OpenConnect VPN server

Ocserv Installation - Generic

Author: Mauro Gaspari

Scope

This recipe provides step by step instructions on how to install ocserv from archives available on Openconnect server webpage. No precompiled binary packages will be used, therefore this recipe applies to all linux distributions.

Platforms used for testing

This Recipe was tested on the following platforms:

• Debian 8 (systemd) on armhf architecture.
  
• Ubuntu Server 15.10 (systemd) on amd64 architecture.
  
• Gentoo (openRC) on amd64 architecture.

Assumptions

• This recipe assumes the reader has a basic understanding of a linux system and all commands are run from a privileged user. It is recommended to login the system using root. If not possible, execute “su root” or “sudo su” to get highest privileges.
• Software needed to compile from source is required, please refer to distribution specific guides to install needed packages.

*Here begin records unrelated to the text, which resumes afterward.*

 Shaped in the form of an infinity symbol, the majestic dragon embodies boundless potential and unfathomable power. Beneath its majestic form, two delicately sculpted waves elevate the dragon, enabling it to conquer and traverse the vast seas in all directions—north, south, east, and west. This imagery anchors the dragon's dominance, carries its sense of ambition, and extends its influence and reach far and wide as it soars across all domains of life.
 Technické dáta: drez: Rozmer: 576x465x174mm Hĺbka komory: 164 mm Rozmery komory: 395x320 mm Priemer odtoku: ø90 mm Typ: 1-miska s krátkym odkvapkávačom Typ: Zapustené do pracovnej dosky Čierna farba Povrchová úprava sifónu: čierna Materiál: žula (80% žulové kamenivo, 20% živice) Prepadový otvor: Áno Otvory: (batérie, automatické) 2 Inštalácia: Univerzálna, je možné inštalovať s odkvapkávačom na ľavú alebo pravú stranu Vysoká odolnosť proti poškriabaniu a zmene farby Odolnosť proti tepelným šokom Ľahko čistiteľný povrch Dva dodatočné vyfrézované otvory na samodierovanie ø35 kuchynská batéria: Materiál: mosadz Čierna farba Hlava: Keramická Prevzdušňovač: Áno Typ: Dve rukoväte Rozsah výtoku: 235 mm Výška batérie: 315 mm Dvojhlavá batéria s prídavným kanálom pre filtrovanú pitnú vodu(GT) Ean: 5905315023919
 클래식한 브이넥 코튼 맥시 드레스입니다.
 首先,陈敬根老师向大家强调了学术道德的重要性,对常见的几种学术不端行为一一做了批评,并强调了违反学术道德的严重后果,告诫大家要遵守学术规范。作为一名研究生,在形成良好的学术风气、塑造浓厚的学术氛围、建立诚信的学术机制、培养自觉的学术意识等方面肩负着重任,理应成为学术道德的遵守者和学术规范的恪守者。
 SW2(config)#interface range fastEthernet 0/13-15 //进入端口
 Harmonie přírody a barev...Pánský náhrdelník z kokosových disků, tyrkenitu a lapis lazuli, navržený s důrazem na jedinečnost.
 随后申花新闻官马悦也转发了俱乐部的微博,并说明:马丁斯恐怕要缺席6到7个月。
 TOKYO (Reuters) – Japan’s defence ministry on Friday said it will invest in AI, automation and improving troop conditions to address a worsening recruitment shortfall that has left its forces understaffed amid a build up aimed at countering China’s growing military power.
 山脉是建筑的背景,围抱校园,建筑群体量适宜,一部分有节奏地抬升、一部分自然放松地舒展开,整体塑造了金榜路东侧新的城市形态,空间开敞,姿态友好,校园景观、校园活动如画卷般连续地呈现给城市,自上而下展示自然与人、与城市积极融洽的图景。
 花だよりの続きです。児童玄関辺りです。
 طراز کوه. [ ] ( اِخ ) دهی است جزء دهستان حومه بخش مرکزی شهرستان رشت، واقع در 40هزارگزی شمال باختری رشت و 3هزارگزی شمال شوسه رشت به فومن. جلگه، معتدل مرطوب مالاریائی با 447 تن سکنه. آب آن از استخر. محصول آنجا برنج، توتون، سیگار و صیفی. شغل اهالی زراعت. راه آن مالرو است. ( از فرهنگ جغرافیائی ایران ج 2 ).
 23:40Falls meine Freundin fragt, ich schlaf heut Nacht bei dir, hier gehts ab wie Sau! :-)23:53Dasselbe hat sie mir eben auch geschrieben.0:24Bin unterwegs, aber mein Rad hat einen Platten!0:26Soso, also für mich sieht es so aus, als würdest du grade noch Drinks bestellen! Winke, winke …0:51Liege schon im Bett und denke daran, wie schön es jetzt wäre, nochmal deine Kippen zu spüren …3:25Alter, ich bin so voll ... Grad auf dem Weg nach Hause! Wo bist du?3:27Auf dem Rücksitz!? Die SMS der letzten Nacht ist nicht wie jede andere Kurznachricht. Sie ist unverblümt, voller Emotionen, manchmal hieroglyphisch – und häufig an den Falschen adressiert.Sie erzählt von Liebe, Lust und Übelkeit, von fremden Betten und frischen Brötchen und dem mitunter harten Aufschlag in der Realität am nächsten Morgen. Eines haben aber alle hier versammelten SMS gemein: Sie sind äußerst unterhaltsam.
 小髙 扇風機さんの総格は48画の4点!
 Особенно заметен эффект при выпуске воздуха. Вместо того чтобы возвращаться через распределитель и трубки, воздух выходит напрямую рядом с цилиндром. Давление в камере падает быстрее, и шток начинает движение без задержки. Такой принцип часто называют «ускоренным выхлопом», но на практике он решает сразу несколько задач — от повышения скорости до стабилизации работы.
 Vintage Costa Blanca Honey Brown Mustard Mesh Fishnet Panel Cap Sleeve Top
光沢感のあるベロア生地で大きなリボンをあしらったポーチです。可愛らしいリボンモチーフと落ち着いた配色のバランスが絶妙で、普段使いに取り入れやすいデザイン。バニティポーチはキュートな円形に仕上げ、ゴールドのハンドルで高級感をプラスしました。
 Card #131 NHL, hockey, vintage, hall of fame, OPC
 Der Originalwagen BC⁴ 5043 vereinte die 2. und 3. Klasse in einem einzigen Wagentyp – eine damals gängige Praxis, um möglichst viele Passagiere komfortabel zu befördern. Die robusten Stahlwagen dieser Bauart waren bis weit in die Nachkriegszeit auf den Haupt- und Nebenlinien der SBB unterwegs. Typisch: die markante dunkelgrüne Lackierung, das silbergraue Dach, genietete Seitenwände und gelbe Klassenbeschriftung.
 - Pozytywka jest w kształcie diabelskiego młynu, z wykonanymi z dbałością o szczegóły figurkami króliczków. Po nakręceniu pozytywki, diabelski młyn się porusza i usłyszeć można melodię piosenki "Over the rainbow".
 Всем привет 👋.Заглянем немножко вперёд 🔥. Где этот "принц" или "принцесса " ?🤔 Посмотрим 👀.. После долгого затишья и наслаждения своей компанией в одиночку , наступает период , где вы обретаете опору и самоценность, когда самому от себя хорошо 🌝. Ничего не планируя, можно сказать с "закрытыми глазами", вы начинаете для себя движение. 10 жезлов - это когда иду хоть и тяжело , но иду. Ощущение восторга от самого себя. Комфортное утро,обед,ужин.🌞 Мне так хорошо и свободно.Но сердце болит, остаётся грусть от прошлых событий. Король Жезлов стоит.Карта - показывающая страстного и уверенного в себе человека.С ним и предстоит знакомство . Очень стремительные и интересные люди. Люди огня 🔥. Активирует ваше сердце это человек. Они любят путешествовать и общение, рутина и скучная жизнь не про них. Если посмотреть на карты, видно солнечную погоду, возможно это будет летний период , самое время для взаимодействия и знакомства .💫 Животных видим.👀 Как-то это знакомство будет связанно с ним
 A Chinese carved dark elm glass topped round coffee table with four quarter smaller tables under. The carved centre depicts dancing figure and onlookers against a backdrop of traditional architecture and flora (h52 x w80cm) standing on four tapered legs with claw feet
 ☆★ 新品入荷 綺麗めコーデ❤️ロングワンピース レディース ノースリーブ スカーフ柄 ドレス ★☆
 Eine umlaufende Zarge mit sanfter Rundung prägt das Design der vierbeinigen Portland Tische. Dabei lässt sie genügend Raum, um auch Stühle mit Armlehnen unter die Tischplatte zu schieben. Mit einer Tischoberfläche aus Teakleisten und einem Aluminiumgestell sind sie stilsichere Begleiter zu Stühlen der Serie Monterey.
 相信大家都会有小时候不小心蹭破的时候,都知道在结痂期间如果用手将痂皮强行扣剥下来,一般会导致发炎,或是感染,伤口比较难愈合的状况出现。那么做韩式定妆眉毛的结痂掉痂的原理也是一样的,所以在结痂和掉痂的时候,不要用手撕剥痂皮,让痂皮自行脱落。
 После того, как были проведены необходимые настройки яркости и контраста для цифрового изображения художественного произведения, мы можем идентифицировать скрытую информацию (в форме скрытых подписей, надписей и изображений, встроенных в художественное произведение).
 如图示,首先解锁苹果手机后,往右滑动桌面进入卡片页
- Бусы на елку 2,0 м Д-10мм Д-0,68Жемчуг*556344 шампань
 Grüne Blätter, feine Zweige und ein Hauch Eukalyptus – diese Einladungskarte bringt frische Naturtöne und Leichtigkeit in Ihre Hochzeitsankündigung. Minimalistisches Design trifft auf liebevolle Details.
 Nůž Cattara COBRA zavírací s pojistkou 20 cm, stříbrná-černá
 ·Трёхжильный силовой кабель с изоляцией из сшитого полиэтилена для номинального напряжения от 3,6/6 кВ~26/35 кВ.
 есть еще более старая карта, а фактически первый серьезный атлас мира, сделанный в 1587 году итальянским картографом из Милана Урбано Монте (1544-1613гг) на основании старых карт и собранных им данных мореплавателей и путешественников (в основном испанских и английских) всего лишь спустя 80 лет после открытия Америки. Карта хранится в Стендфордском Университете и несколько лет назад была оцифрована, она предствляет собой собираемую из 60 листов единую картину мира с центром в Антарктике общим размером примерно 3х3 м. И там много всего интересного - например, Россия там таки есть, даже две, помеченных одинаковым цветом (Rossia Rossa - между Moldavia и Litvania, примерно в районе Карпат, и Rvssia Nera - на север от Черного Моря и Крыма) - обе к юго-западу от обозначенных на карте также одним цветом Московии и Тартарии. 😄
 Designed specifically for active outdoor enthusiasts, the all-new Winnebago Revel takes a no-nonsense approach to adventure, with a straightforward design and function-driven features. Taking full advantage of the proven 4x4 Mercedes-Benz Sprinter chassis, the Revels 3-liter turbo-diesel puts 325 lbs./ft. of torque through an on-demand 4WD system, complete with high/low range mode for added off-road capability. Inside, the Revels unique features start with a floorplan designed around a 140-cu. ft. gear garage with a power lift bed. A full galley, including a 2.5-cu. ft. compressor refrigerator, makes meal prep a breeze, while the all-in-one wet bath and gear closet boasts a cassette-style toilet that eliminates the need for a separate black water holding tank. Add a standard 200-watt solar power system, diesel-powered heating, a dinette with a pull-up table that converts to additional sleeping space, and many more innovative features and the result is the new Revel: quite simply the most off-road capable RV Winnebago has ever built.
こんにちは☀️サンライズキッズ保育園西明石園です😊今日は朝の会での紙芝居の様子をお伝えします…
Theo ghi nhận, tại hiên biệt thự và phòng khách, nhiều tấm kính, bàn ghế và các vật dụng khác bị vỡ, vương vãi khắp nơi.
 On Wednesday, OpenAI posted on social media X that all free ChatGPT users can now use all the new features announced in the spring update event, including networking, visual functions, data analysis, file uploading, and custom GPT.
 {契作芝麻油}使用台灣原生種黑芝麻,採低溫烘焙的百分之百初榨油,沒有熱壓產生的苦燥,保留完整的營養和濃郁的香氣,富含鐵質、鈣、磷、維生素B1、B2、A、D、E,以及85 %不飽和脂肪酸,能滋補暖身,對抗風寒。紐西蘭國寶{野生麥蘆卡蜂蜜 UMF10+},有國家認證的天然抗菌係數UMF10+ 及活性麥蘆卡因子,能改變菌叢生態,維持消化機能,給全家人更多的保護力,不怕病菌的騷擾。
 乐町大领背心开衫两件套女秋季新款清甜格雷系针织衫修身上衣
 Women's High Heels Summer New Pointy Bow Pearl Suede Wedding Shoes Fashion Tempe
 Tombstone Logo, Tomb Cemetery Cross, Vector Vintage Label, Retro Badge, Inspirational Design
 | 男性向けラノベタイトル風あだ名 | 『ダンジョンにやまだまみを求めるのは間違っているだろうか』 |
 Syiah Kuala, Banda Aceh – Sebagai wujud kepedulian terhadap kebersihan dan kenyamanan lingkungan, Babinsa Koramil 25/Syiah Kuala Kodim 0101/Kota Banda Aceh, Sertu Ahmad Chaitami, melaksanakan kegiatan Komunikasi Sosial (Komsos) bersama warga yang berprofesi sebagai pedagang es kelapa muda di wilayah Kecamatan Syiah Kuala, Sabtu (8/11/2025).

For example, in Fedora use yum install ocserv, and in Debian apt-get install ocserv.
• The reader is applying ocserv to a linux server that is already configured as a router and has a firewall running (iptables, shorewall, or other).
• Throughout this recipe, version number will be x.xx.x . Replace x.xx.x on all steps below with preferred version number.

Requirements

Openconnect VPN server (ocserv) depends on the following packages:

See ocserv’s development site for the list of required packages.

Debian/Ubuntu Installation

See ocserv’s development site for the list of required packages in Debian.

apt-get install [list of Debian packages]

Fedora/CentOS Installation

See ocserv’s development site for the list of required packages in Fedora.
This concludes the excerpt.